On the Verge‎ ‎‎ ‎ ‎‎ ‎ ‎ ‎ ‎ ‎ ‎FUTURES talents ‎ ‎ ‎ ‎‎ ‎ ‎ ‎ ‎‎ ‎ ‎ ‎ ‎ ‎ ‎‎ ‎ ‎ ‎‎‎ ‎ ‎ ‎‎ ‎ ‎ ‎‎ ‎ ‎ ‎ ‎ ‎‎ ‎ ‎ ‎‎‎ ‎ ‎ ‎ ‎ ‎‎ ‎ ‎ ‎‎ ‎ ‎ ‎

On the Verge

Traveling exhibition from the FUTURES platform


On the Verge features the newly published texts by: Aaron Schuman, Alessia Glaviano, Brad Zellar, Cat Lachowskyj, Charles Baudelaire, David Campany, Elissa Marder, Salvatore Vitale, Tim Carpenter.
And the images by: Alice Pallot, Cian Burke, Dániel Szalai, Julia Klewaniec, Mark Duffy, Pauline Hisbacq, Ugo Woatzi.
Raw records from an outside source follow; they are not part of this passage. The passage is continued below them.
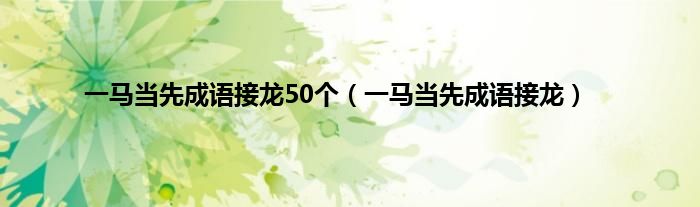 本文,一马当先成语接龙50个,一马当先成语接龙到此就分享完毕,希望对大家有所帮助。
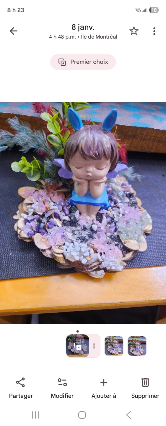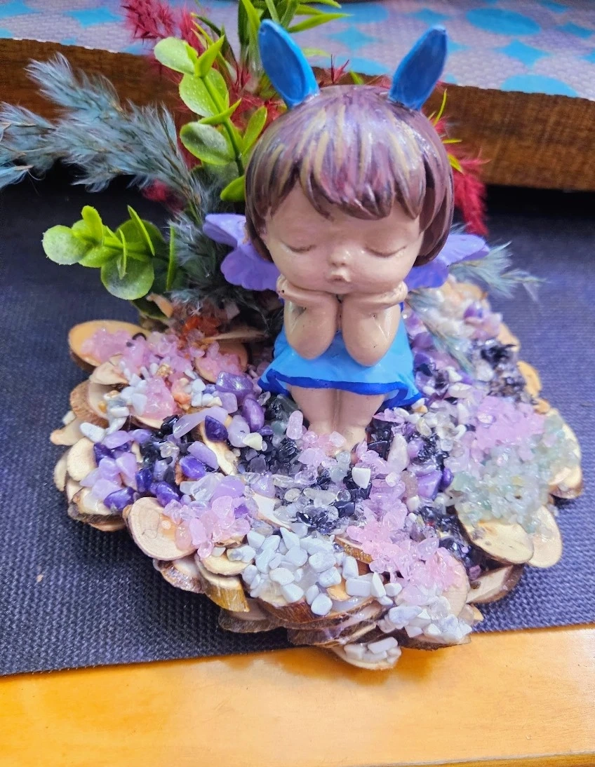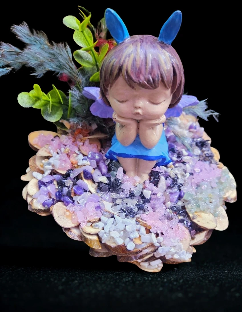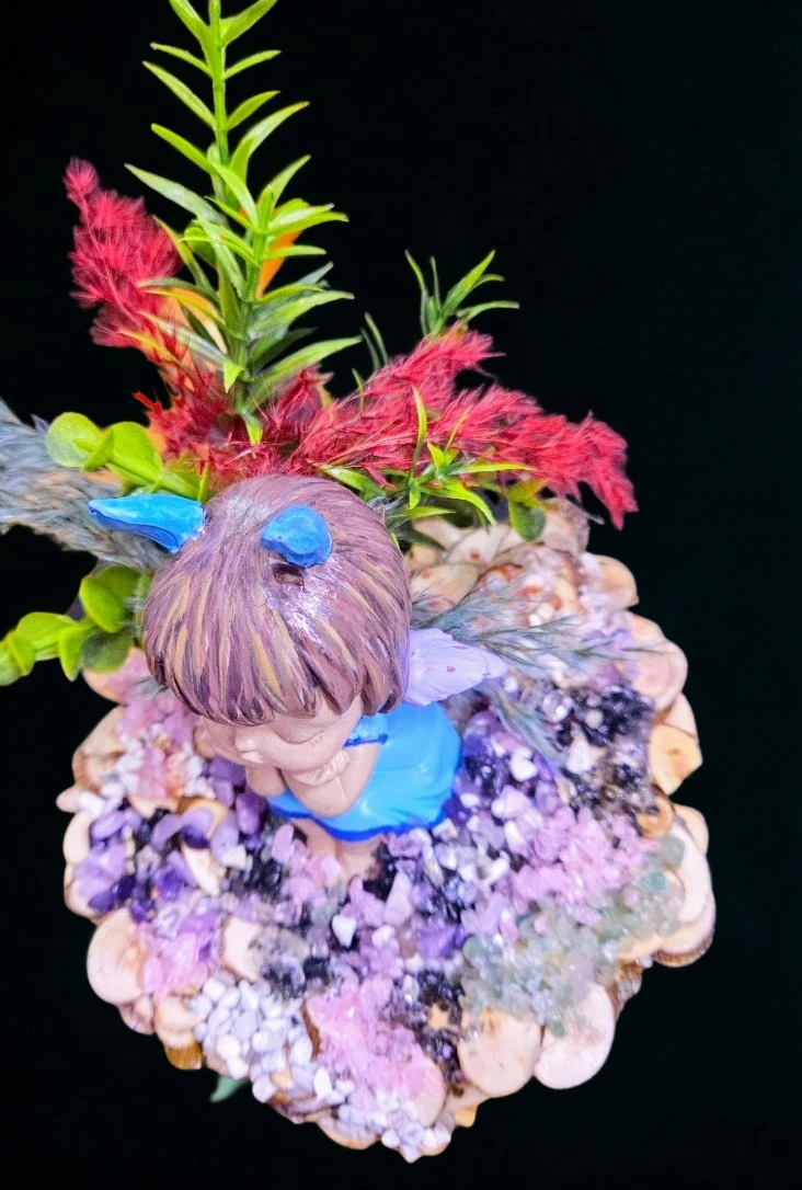 Charmante figurine de fée avec des détails délicats, assise sur un lit de pierres et de matériaux naturels. Parfait pour ajouter une touche de fantaisie à votre décor. Un bel objet de décoration pour un bureau ou une étagère.
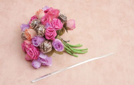 Com a fita adesiva junte todos os raminhos (os de flores e de bombons). E prenda tudo com o fecho prático.
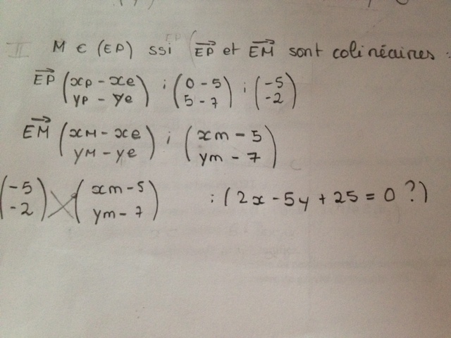 On a E (5;7) et P(0,7). il faut démontrer que M( x;y) est un pt de la droite (EP) ssi 2x-5y+25=0
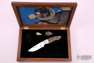This is a limited edition Browning "Full Curl Series" knife. The knife features, dovetailed stainless steel engraved bolsters, sheep horn scales. Has a mirror polished blade with full tapered tang construction. The knife comes in a solid wood presentation box. The knife is in new, unused, excellent condition. Comes with original box and artwork.

The publication is a collaboration between FUTURES and Void.

Purchase "On the Verge"

As human and non-human bodies, we share the verge as an ecosystem community, believing that we live in exceptional and challenging times and spaces: we are on the final verge. But we are also on the verge as individuals, urging to transform our existential or artistic starting point to an immortal impact, to reconnect art with collective issues: the verge of developing your sexuality, having a nervous breakdown, leaving the parents’ home, starting school, graduating, writing your will, giving birth, breaking up, making something stupid, or something big, having an accident, doing great art, doing shitty art, having an epiphany, meeting someone new, getting in trouble, supporting a cause, starting a hobby, getting hyper, getting depressed, facing your limitations, or overcoming them. Accomplishing an important project, or starting a new one. Writing history, being forgotten. Big things, small things.

© Francesco Martello

As part of the European platform FUTURES Photography, the travel exhibition ‘On the Verge’ has moved to the festival center. Such as Ugo Woatzi’s “CHAMELEON” project in our venue Frame.

© Francesco Martello

The 7 Futures talents are: Cian Burke, Mark Duffy, Pauline Hisbacq, Julia Klewaniec, Alice Pallot, Daniel Szalai and Ugo Woatzi. Across seven individual projects with different processes or aesthetics, they present us their version of being On the Verge. They collectively explore different aspects of the theme through identity, ecology, our relation with the environment, interactions and changes humans can either suffer or decide. Their work invites us to redefine our limits and values and encourages us to commit in favour of what we support and find necessary.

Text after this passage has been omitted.